Sedangkan Dongheon? Dia hampir bangkrut karena membelikan apapun yang Kangmin minta di online shop.

Karena perhatian para Hyung, Kangmin pun bisa dengan cepat kembali ceria lagi.

Suatu hari sepulang sekolah,

"Hyuuuung!!!", teriak Kangmin begitu membuka pintu dorm.

Para Hyung pun segera mendekat, "Lihat nih aku bawa apa", ujar Kangmin sambil menunjukkan toples berisi air yang dibawanya.

"Ini... apaan Kangmin-ah?", tanya Yongseung dengan ekspresi bingung.

"Ikan cupang", jawab Kangmin.

"Busyet, kamu nemu di mana ikan cupang?", tanya Yeonho.

"Dikasih temenku hehehe", jawab Kangmin.

Dongheon langsung menghela napas keras, "Ini anak satu, emang kamu tahu cara ngerawat ikan?
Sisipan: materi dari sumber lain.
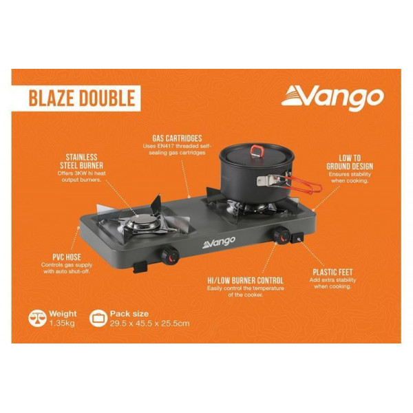 Портативна газова плитка Vango Blaze Double Grey (ACPBLAZE G10A81) має дві конфорки із нержавіючої сталі, які забезпечують чудову тепловіддачу, що дозволяє швидко та ефективно готувати на відкритому повітрі. Vango Blaze Double легко очищається, а низька конструкція в поєднанні з протиковзкими ніжками забезпечує її достатню стійкість. Плитка включає ПВХ шланг із автоматичним відключенням для безпеки та має використовуватися з газовими балонами, які відповідають європейському стандарту EN417. Дана модель ідеально підходить для пікніків, кемпінгу та всіх видів активного відпочинку.

Entar kalau..."

Hoyoung langsung menahannya, "Udah lah Hyung, biarin aja", bisiknya.

"Aku mau kasih nama dia Chuchu", ujar Kangmin sambil tersenyum lebar. Para Hyung pun jadi tidak bisa berkomentar apa-apa melihat Kangmin sesenang ini.

"Hyung nanti Chuchu jangan dimakan ya?", ujar Kangmin pada Dongheon sebelum berjalan pergi masuk kamar.

"Woi! Emangnya aku kucing apaan!", ujar Dongheon kesal.